In the case of palm oil production, the environmental value of agroforestry was three times higher than monoculture — about $176,044 (R$410,853) per hectare versus $52,384 (R$122,253) per hectare, according to the Trucost analysis. (One hectare is about 2.5 acres.)

For soybeans, the environmental value of integrating these crops with indigenous forest vegetation was 11 percent higher than for the single-crop approach: $488 (R$1,139) per hectare versus $441 (R$1,031) per hectare.

"As buyers or users or growers, you would be looking at this data to examine how these methods would work for your particular circumstances," said Richard Mattison, CEO of Trucost, which created the first index to identify businesses that lead their industries in valuing natural capital aside traditional operational metrics.
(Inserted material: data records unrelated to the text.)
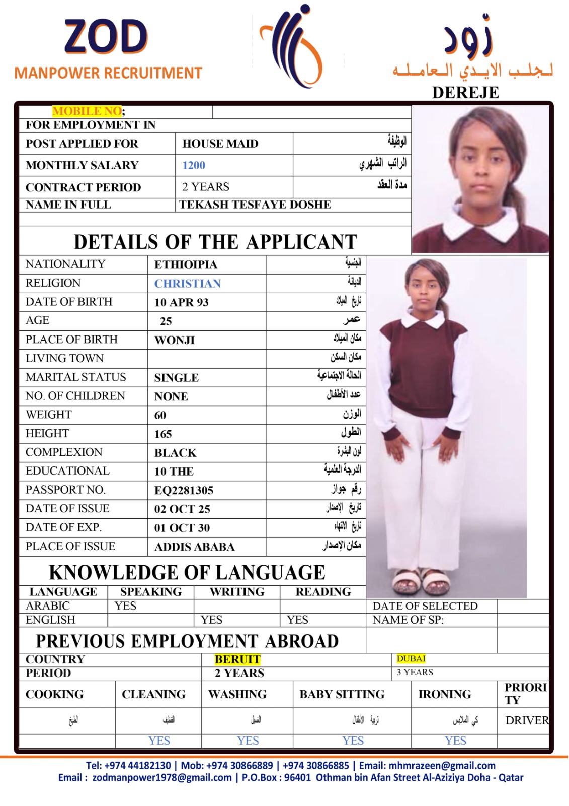 الاسم - عربي TEKASH TESFAYE DOSHE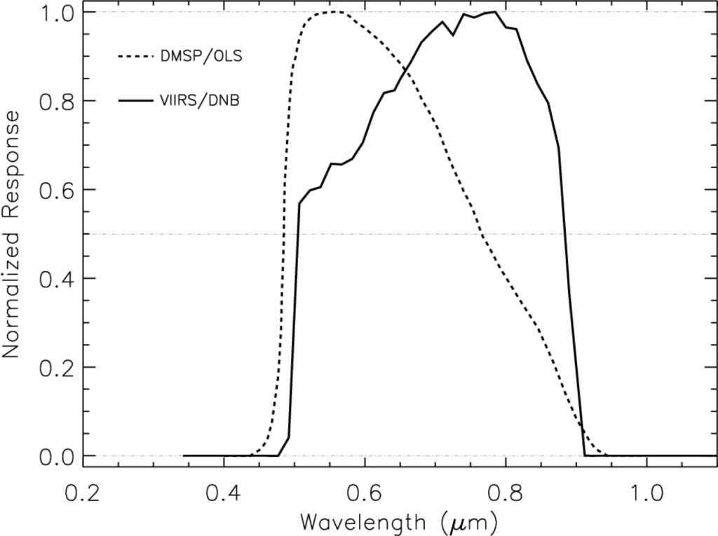 Spectral response functions for the DNB and a representative nighttime OLS.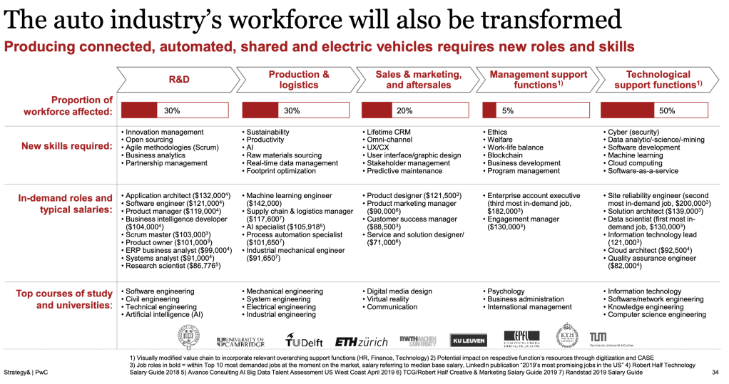 We also believe five new sustainable roles for suppliers will emerge: as smart infrastructure enablers; automated shuttle-vehicle manufacturers; platform providers; mobility intelligence providers; and vehicle feature and demand providers. Finally, new flexible and hybrid organizations need to be created, and due to the scarcity of people with the right skills, the auto industry must upskill its existing workforce to perform digital and data-management roles.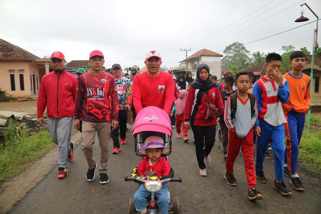 NUSAN.ID, LAMPUNG BARAT – Minggu (30/10/2022), Bupati Lampung Barat H. Parosil Mabsus menghadiri jalan sehat sekaligus melakukan pembagian seragam gratis di Lapangan Pekon Semarang Jaya Kecamatan Air Hitam.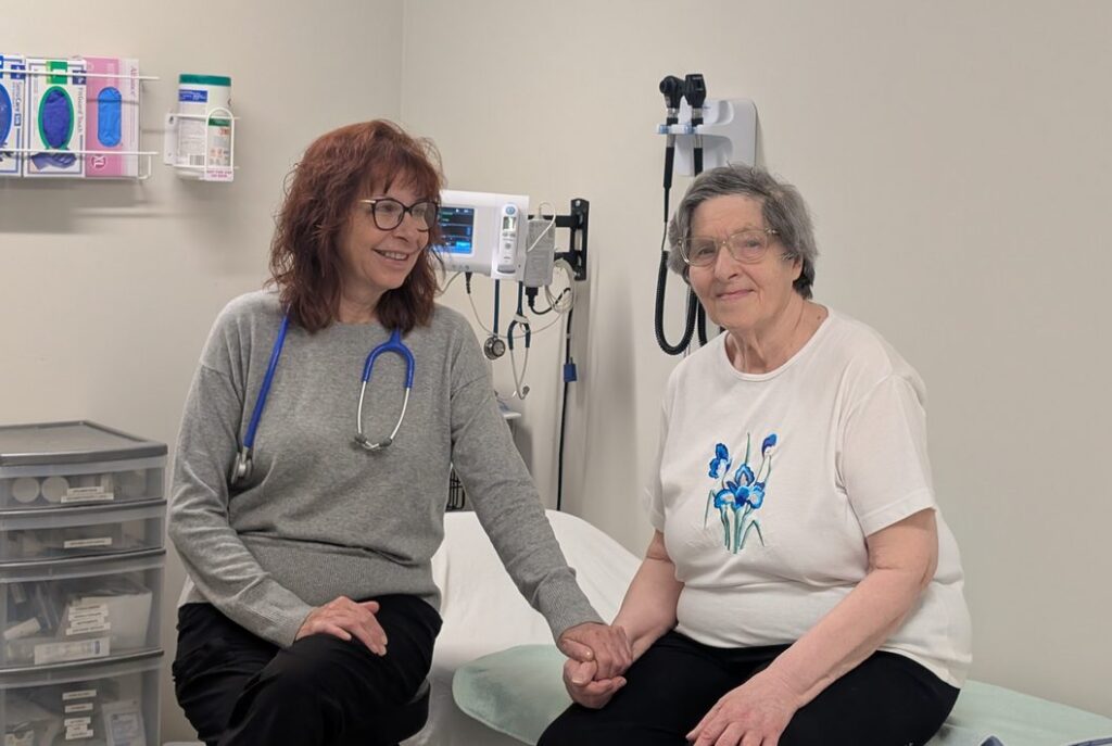 Nurse Practitioner Melody Fox with peopleCare Meaford LTC resident in the wellness centre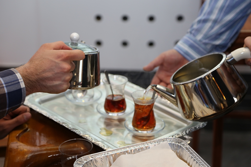 在简要介绍了土耳其的历史发展脉络之后,孟浩然老师重点向大家讲解了土耳其的地区分布、民族文化及粮食矿产资源情况。与此同时,另外两位来自土耳其的留学生志愿者为在场学生奉上了独具特色的土耳其红茶和面包甜点。据孟浩然介绍,土耳其红茶是通过丝绸之路由中国传播过去,经历了与当地民族特色漫长的磨合之后,发展成为今日独具特色的土耳其饮茶文化。如今,红茶已经成为土耳其人早餐中不可或缺的一部分,也衍化为土耳其饮食文化中匠心独运的一个篇章。

The analysis published Wednesday builds on information collected through the TEEB for Business Brazil project, a multi-year study of ecosystems undertaken by Conservation International. The corporate sponsors included Monsanto, which submitted data about production of soybeans on plantations in Western Bahia; and Natura Cosmetics, which was interested in comparing monocultural palm oil production methods with metrics about agroforestry gathered by the Sustainable Palm Oil Agroforestry Project (a study undertaken by several Brazilian agricultural organizations).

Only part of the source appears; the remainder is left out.